6.Music can help you sleep (music can help you get away from sound sleep) Some people fall asleep even in noise, but some people cannot sleep even in a quiet environment. Because all organisms are different, their habits and activities are also different. Every human being is special in himself. Similarly, sleep habits vary from person to person. While excessive noise on the one hand causes discomfort and annoyance, too much peace produces despair and frustration. Both of these conditions are not good for us. Music or happy natural sounds help us fall asleep and in some cases it also helps us fall asleep faster, but this is not the case with everyone. Music is a stress-burner. When I can't sleep, I start listening to songs in a very slow voice, it makes me sleep for a while. This is a really amazing way, you should try it all at once.

7. Books are your true friend: Instead of wasting time on why you can't sleep, you should go to your study room or any corner of your home and spend some time reading. Read something boring that doesn’t interest you.
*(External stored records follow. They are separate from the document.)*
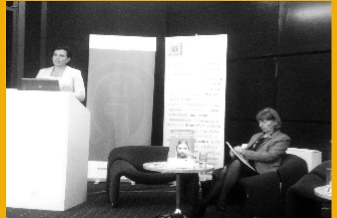
The Second Debate Forum of women candidates from Election Lists of the General Elections, Sarajevo

The purpose of "Legal Assistance to Women Candidates in the October 2018 General Elections" is the protection of women's rights in the politics of Bosnia and Herzegovina, as well as an increase in legal protection in case of violation of their electoral rights, before and after elections.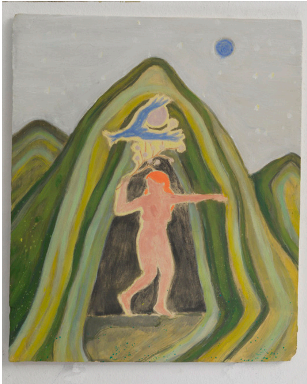
“Untitled (woman and bird)”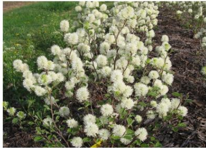
Suzanne Fothergilla Fothergilla gardenii 'Suzanne'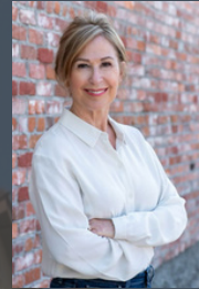
Rep. Christine Goodwin House District 4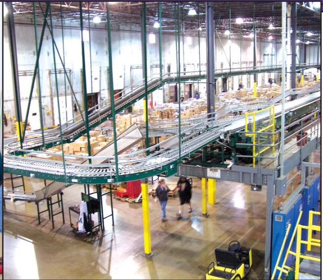
Festool's hands-on training approach (left) helps sales associates master use of its products. Hachette (right) received state and local funding to assist with expansion.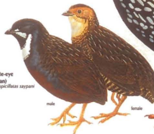
Blue-breasted Quail Coturnix chinensis Bengheng (Guam)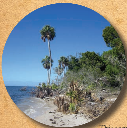
This scene along the beach looks toward the west. The abrupt edge of the upland consists of a layer of tightly packed shells overlain by a thin band of soil. No more than a few meters wide, this band of upland supports a variety of terrestrial plant species. Ongoing erosion is evident. The prostrate palm tree near the center of the image still has green fronds, and clearly was recently uprooted.

The crescent-shaped ridge of high ground that partially encloses Cat Island follows a pattern recently discovered by University of Florida archaeologists. Some accumulations of shells left by Paleoindians are obviously middens—piles of discarded waste that remain from harvests of shellfish. Others, like this shell-based construction were clearly planned and had some purpose. Their true purpose, however, remains unclear. One unknown is the effect of sea level rise over recent millennia. Available data indicate relatively little change in sea level over the past 4,000 years. Between 3,000 and 4,000 years ago sea level averaged about one meter below its current level. More recently it has remained at, or been as much as one meter above current sea level. So for part of its history, Cat Island might have been closer to the mainland than it is now, and the present marsh could have been habitable land. At other times the island might have been partially submerged and more subject to erosion. When sea level was lower the purpose of the wall of shells might have been to protect the central part of the island from storm surges. Perhaps progress in dating the remains will help to shed some light on this hypothesis. Whatever has happened over the past 4,000 years, it is clear that recent rises in sea level are causing extensive erosion. The archaeologists are keenly aware that they must work diligently before it's too late for this and similar sites give up their secrets.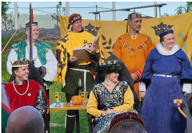
Drachenwald's court

There are a few things that one must do differently when attending an event in a foreign country that one may not readily think about. It seemed fair to provide a few tips and tricks to help others overcome some stressful situations.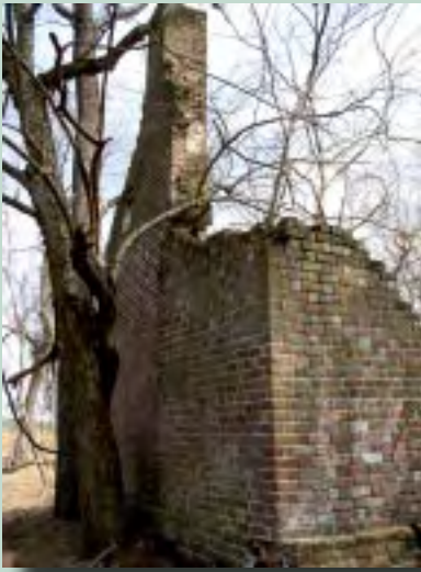
Trees are growing up around the remaining walls of the house.

Submitted by Robbie Lewis, forester, Northampton and Accomack counties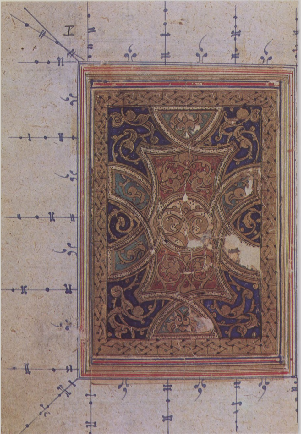
5. Seljuki gilding, Ed'iyet al-Eyyam al-Seb'a . Arabic. 682 H. Yakut el-Mustasimi. Sülüs-Nesih 18 leaves. (Ayasofya 2765)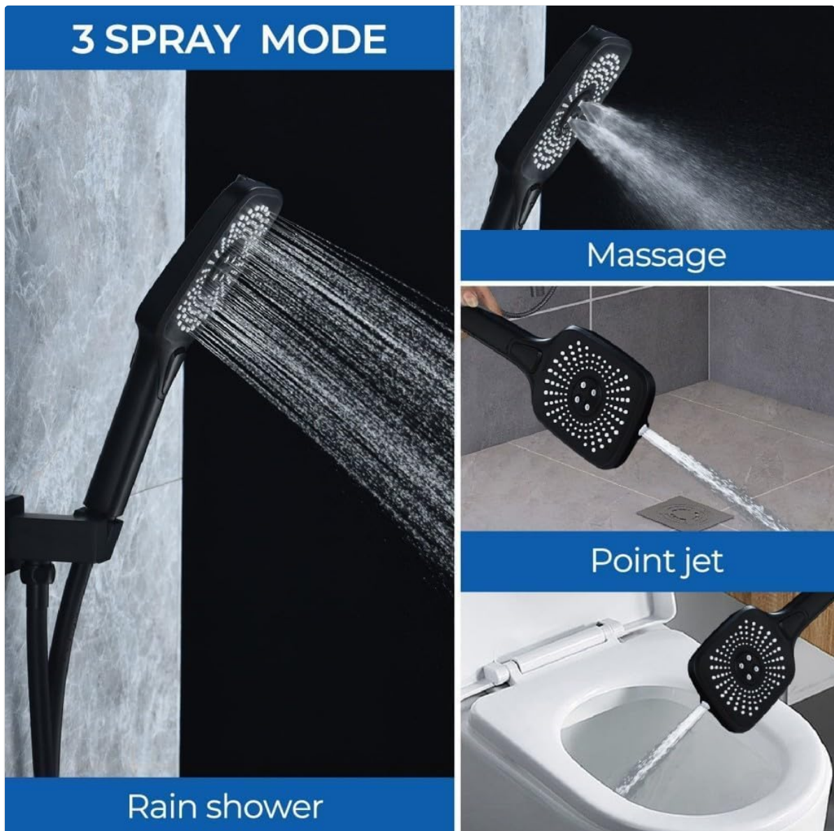
Image: The handheld sprayer showcasing its three distinct spray patterns: Rain shower, Massage, and Point jet for versatile use.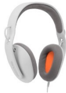
Headphones Need: (1) No earbuds Please label w/ your child's Name 😊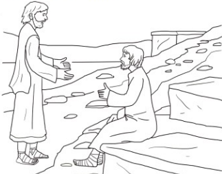
The man who was healed sits quietly, listening to Jesus.

Jesus' healing of a man with mental illness shows what power Jesus has to heal the whole world in different ways.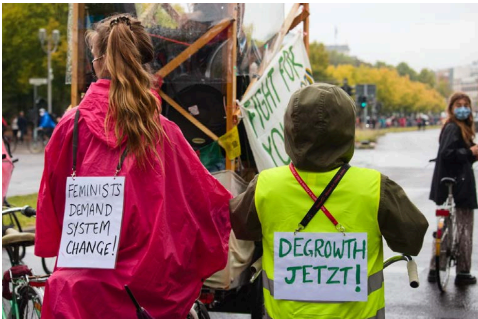
GenderCC team at the climate strike bike protest on 25.09.20 in Berlin, Germany.

Despite the lockdown and safety measures adopted throughout the world to fight the pandemic, 2020 has been an intense year of virtual and in-person social mobilisations against the interconnected crises we are living in. Always prizing for safety and care measures first, the GenderCC Secretariat participated in the #8M march in Berlin on March 8 th , joined the Fridays for Future global online climate strike on April 24 th and co-organised a queer and feminist bike protest during the Fridays for Future climate strike in Berlin on September 25 th . On this last one, 200,000 people took the streets throughout Germany and in more than 2.500 cities worldwide, protesting against the devastating consequences of climate change. Activists of diverse age groups and genders joined our bike protest in Berlin.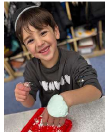
Slime for letter S in K2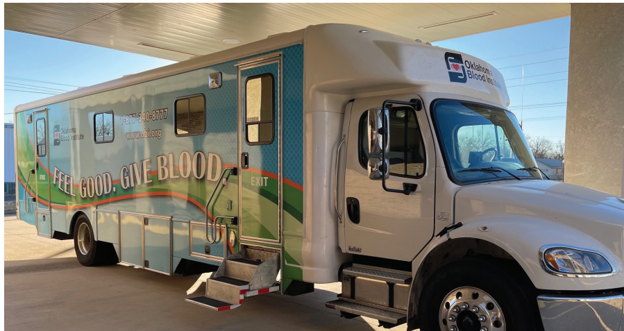
The mobile unit from the Oklahoma Blood Institute offers safe, easy access for donors.

Now you will also agree that boring reading puts us to sleep immediately.

8. Let Your Rebel Mind Do It!: We all have rebellious tendencies in our childhood. Children do things that elders do not do. Our mind is also like this, whatever is forbidden, it definitely wants to do. Ultimately it leads to the discovery of why he is being banned from doing that work. And he doesn't rest until he gets to the root of the matter. That's why when you don't feel sleepy and don't want to sleep, try to relapse it. Trying to keep yourself awake by saying that. Enlarge your eyes. And signal your brain that you are not sleeping. Believe me, in a few moments your head will start to get heavy, you will get bored and tired.

9. Try something different (torture yourself): Yes i know It is already very annoying that you can't sleep at the right time and feel bored and restless all day and I will suggest something new next. But trust me, if your worries and stress keep you awake all night, then dipping your face in ice cold water can calm you and your mind. You can also wet your face with an ice cube. This is a very effective method, while no other method works, you must adopt this procedure.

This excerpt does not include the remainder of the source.